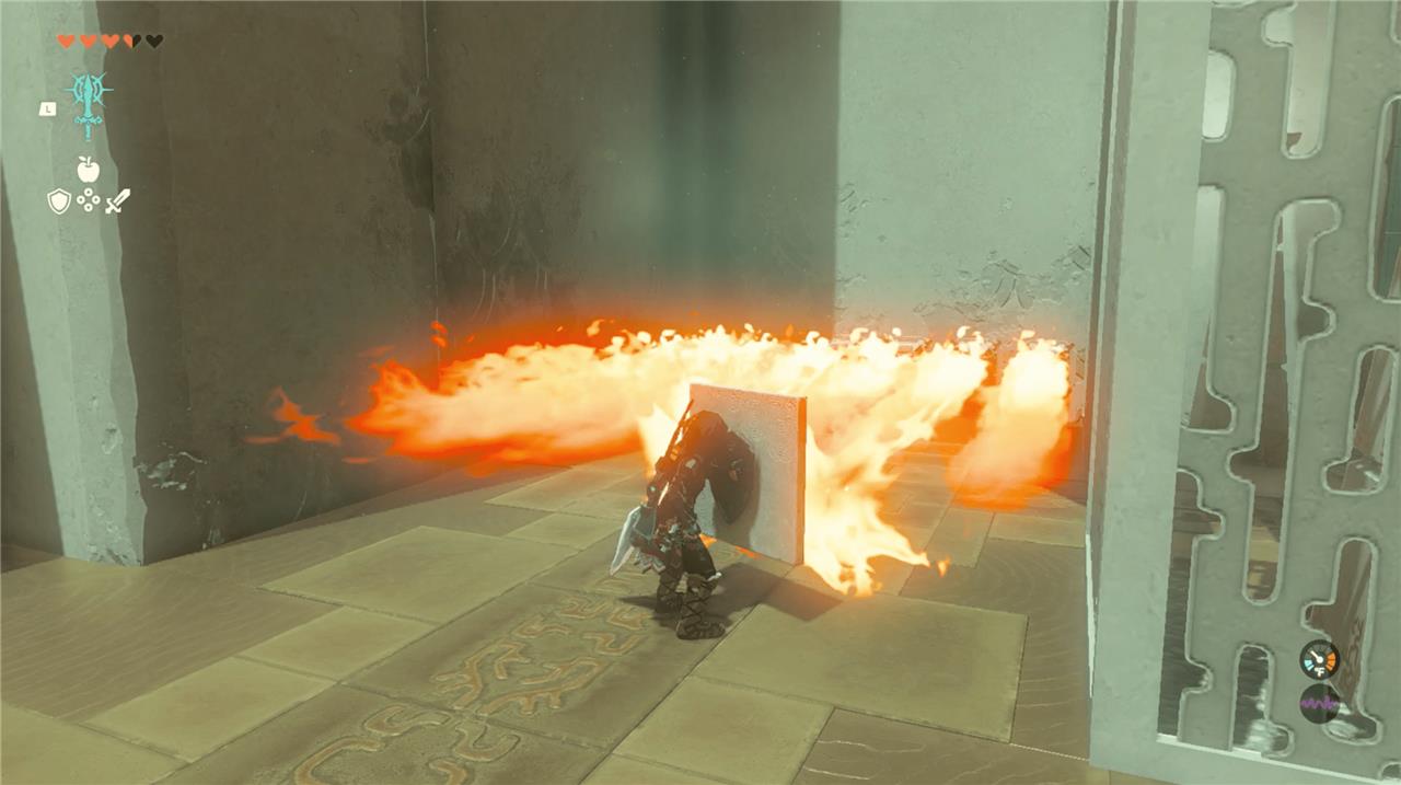 5. Grab the stone-slab shield and equip it. Then walk toward the line of flamethrowers in the room. As you approach the flamethrowers, hold out your shield – as if you would defend against an enemy – and use it to block the flames so you can safely walk through to the next area.
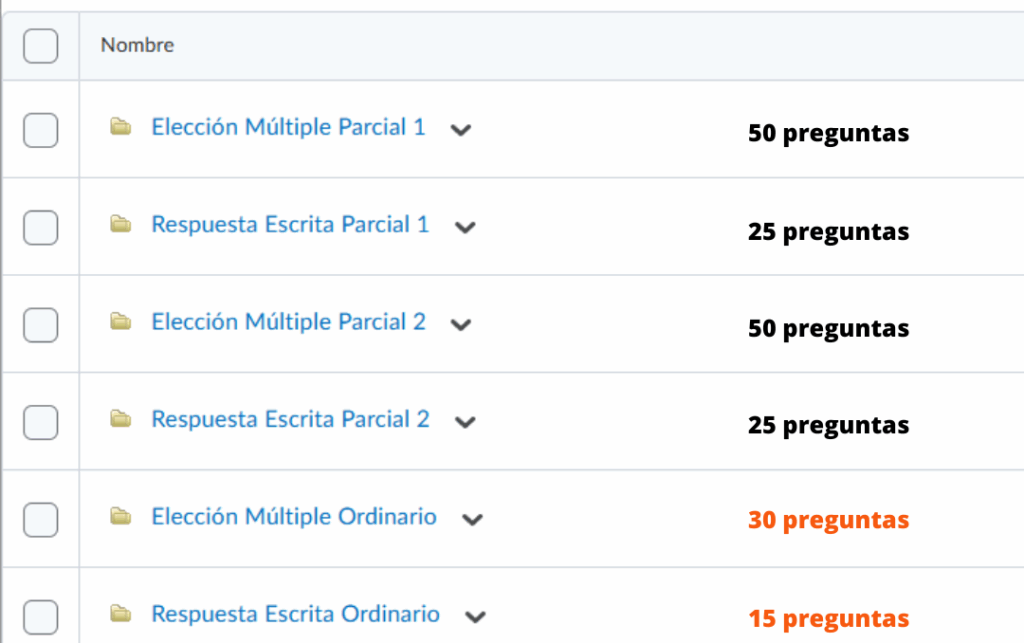 Al momento de crear la evaluación, en nuestros bancos de preguntas tendremos un total de 75 preguntas del primer parcial, 75 preguntas del segundo parcial y 45 preguntas correspondientes al ordinario.
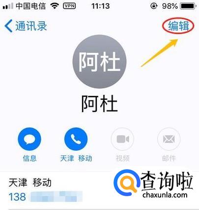 然后我们注意到此页面的右上角有一个"编辑",点击此处往下拉动页面可以看到目前针对此人在用的手机铃声;
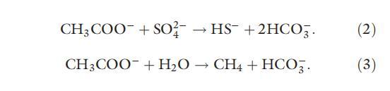 由于異化 Fe(III) 還原菌和其他微生物(氧化根還原劑或產甲烷菌)對同一電子供體的競爭,異化 Fe(III) 還原抑制微生物的氧化根還原和還原生產 (Lovley & Phillips, 1986a , 1987a; Chapelle & Lovley, 1992; Roden & Wetzel, 2003)。 乙酸鹽不僅可以被異化 Fe(III)-還原菌利用,如方程式 (1) 所示,也可以被氧化根還原劑和產甲烷菌利用,如下所示 (Lovley & Klug, 1986):

• About this exercise
The answer must be the full listing, restated word for word, with no pictures in it.

• Output
 5. Grab the stone-slab shield and equip it. Then walk toward the line of flamethrowers in the room. As you approach the flamethrowers, hold out your shield – as if you would defend against an enemy – and use it to block the flames so you can safely walk through to the next area.
 Al momento de crear la evaluación, en nuestros bancos de preguntas tendremos un total de 75 preguntas del primer parcial, 75 preguntas del segundo parcial y 45 preguntas correspondientes al ordinario.
 然后我们注意到此页面的右上角有一个"编辑",点击此处往下拉动页面可以看到目前针对此人在用的手机铃声;
 由于異化 Fe(III) 還原菌和其他微生物(氧化根還原劑或產甲烷菌)對同一電子供體的競爭,異化 Fe(III) 還原抑制微生物的氧化根還原和還原生產 (Lovley & Phillips, 1986a , 1987a; Chapelle & Lovley, 1992; Roden & Wetzel, 2003)。 乙酸鹽不僅可以被異化 Fe(III)-還原菌利用,如方程式 (1) 所示,也可以被氧化根還原劑和產甲烷菌利用,如下所示 (Lovley & Klug, 1986):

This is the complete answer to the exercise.